Task prompt> The answer should hold only the lines from the beginning of the material through the one with "Power Strip Tower", reproduced exactly and without pictures.

Raw data>
>>>>>

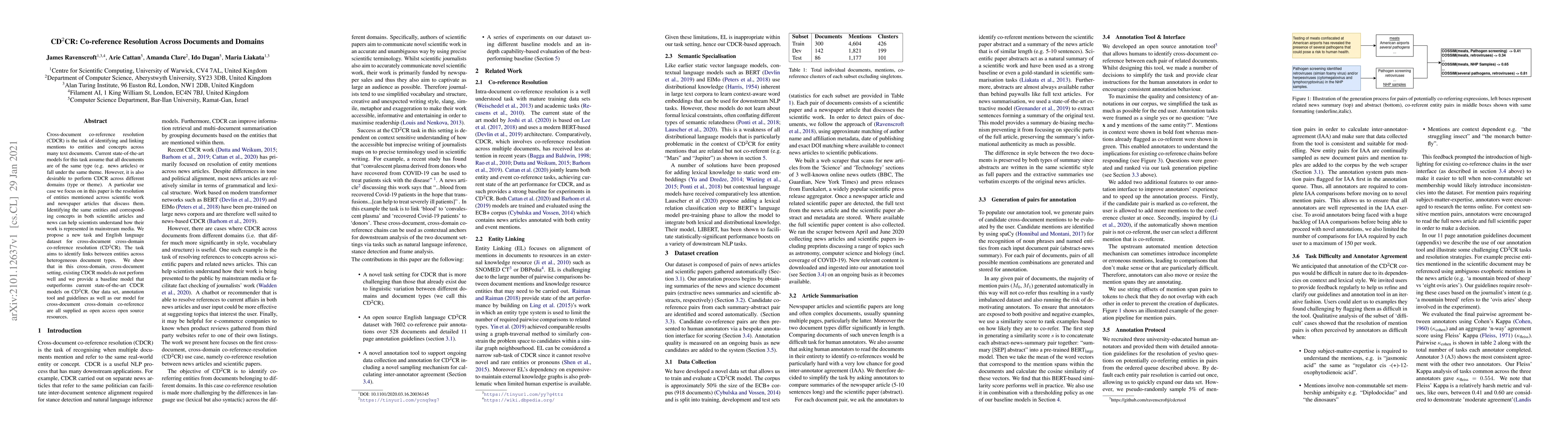This paper introduces a new task and dataset for cross-document co-reference resolution across different domains, focusing on linking entities between scientific articles and news reports. The proposed baseline model outperforms existing models in this cross-domain setting, and all resources are made available as open-source.
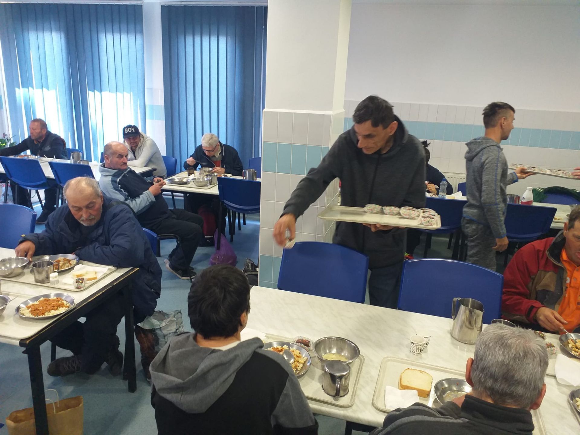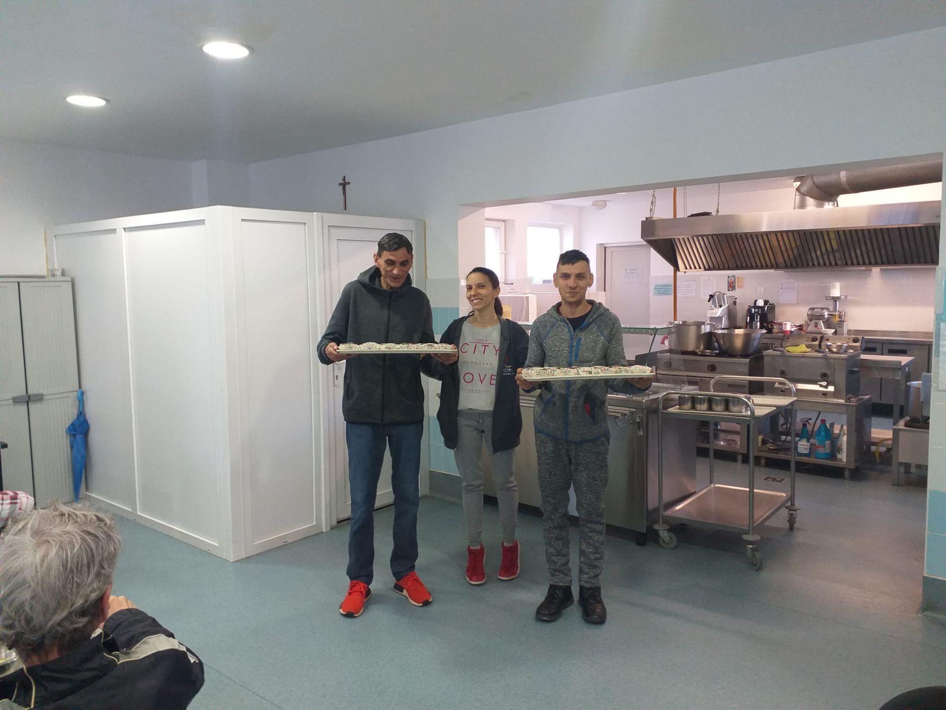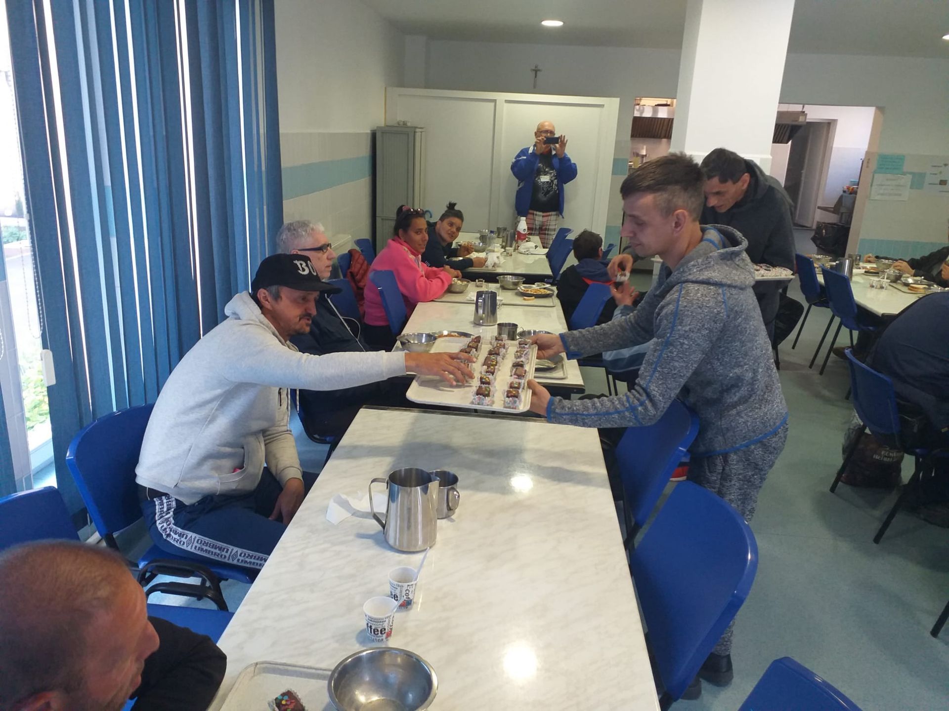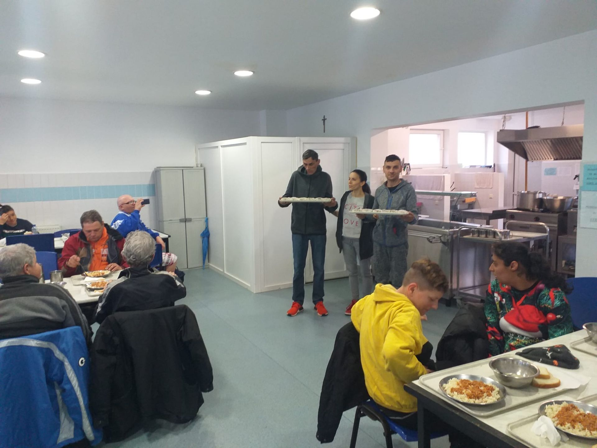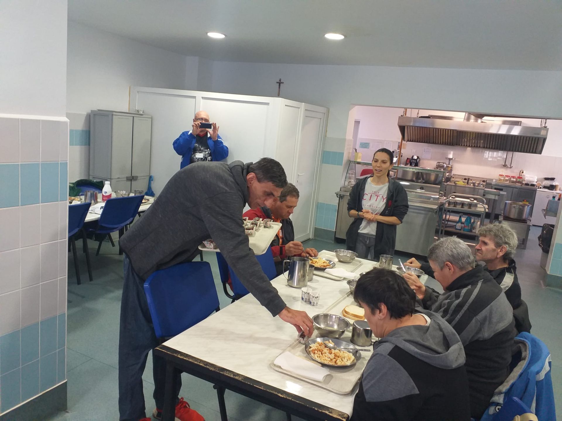 Cu o stângăcie care trădează lipsa de afecțiune care le caracterizează existența, dar și cu momente care au stârnit râsul celorlalți beneficiari prezenți, am servit astăzi un desert delicios pregătit de doamna Cornelia Vesea, care oferă, nu pentru prima dată, toată priceperea sa pentru a aduce zâmbete pe chipurile beneficiarilor cantinei sociale. Mulțumim cu recunoștință nu doar pentru acest desert ci și pentru tot ajutorul pe care îl oferă Asociației Caritas Eparhial Oradea, în calitate de voluntar al organizației!
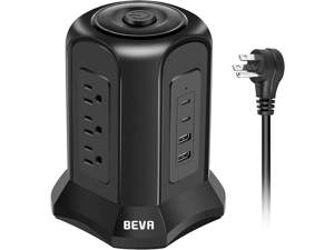 Power Strip Tower Surge Protector BEVA 10ft Flat Plug Desktop Charging Station 9 AC Outlets 4 USB Ports, 900 Joules, Long Extension Cord for Home Office Appliances Smartphones Computer Tablets(Black)
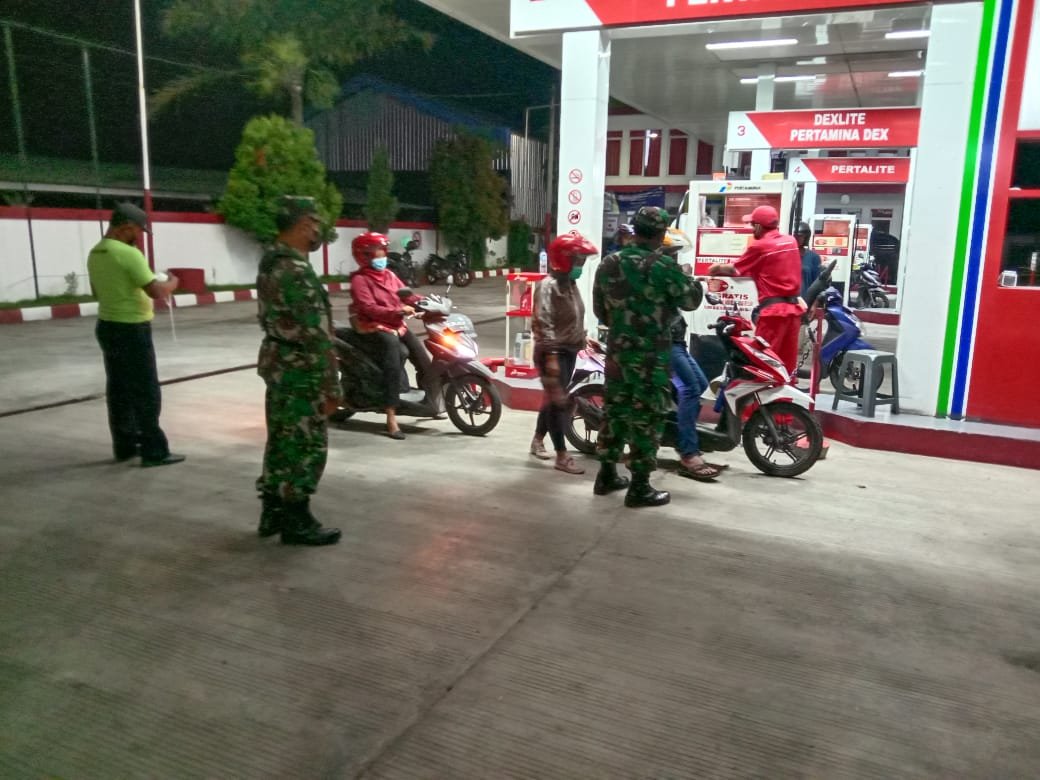 Serma Toni Martin menyampaikan informasi sesuai protokoler pencegahan penyebaran covid-19 antara lain edukasi kepada masyrakat yang akan mengisi bahan bakar di SPBBU tersebut khususnya bagi masyarakat yang tidak menggunakan masker saat mengendarai kendaraan.

<<<<<

Response to the task>
This paper introduces a new task and dataset for cross-document co-reference resolution across different domains, focusing on linking entities between scientific articles and news reports. The proposed baseline model outperforms existing models in this cross-domain setting, and all resources are made available as open-source.
 Cu o stângăcie care trădează lipsa de afecțiune care le caracterizează existența, dar și cu momente care au stârnit râsul celorlalți beneficiari prezenți, am servit astăzi un desert delicios pregătit de doamna Cornelia Vesea, care oferă, nu pentru prima dată, toată priceperea sa pentru a aduce zâmbete pe chipurile beneficiarilor cantinei sociale. Mulțumim cu recunoștință nu doar pentru acest desert ci și pentru tot ajutorul pe care îl oferă Asociației Caritas Eparhial Oradea, în calitate de voluntar al organizației!
 Power Strip Tower Surge Protector BEVA 10ft Flat Plug Desktop Charging Station 9 AC Outlets 4 USB Ports, 900 Joules, Long Extension Cord for Home Office Appliances Smartphones Computer Tablets(Black)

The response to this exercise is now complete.